Vice has shed some new light on a disturbing story of police overreaction that took place earlier this year.

First, as the event was reported by the Los Angeles Times and others in March: 20-year-old Dakkari McAnuff "allegedly threatened to shoot someone in exchange for 100 retweets" and posted a picture of himself pointing a rifle off a balcony. The LAPD began an investigation the next morning, discovered McAnuff's identity, arrested him for making criminal threats, and set a $50,000 bond. The New York Daily News described the man as a "bozo" and was "glad this guy's behind bars." Good work, boys.

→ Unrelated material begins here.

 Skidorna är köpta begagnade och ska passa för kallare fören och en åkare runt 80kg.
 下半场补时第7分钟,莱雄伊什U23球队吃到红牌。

Except McAnuff is telling his side of the story now, and he alleges that it was all a joke put on by him and a group of friends who call themselves the MAD Pranksters—and that the LAPD knew that from the get-go, but came after him like he was a real killer anyway.

Dakkari McAnuff


A lot of the reports at the time of the incident omitted a significant fact that disrupted the straightforward narrative about the threat followed by the arrest the next day. McAnuff actually posted three pictures: the rifle (which was a toy), a man lying on the ground pretending to be dead, and then a picture of McAnuff handcuffed outside an LAPD squad car with an officer present. That cop was obviously in on the joke. This happened well in advance of the actual arrest.

From Vice:

The MAD Pranksters point out that they had direct contact with an LAPD officer—the one who allowed them to use his car as a prop in the final tweet—and say they told him exactly what they were doing. The gun was obviously fake, and so was the death scene, they argue. In other words, the LAPD ought to have known there was no true threat. [Zane] Abbasi also claims that before his friend McAnuff was arrested, one of the detectives walked into the office where they were being detained, saw Moe—who played the corpse in the prank—and said, "Oh, look, there's the dead guy." The Pranksters' account holds that more than twelve hours had elapsed between the first tweet and the arrest—enough time, arguably, to contact the officer in the third tweet and to have a firearms expert determine whether the gun pictured was real. According to the LAPD's statement, the officers discovered the tweet at 9:30 AM—and it was time-stamped from the night before. Even so, the arrest wasn't made for another three and a half hours, according to Abbasi. So it seems that the department wasn't treating the case as an emergency.

Abbasi claims that after they were all taken to the precinct an officer told him, "You were on my scope earlier….If you had walked on that balcony with that toy rifle I would've blown your head off."

The pranksters criticize the fact that the cops diverted a lot of resources to respond to an obvious gag, but the LAPD maintains that "the tweeted picture was considered a credible threat."

McAnuff's jest may have been the social media equivalent of shouting "fire" in a crowded theater, but the increasingly regular headlines about police militarization-gone-bad aren't very funny, either.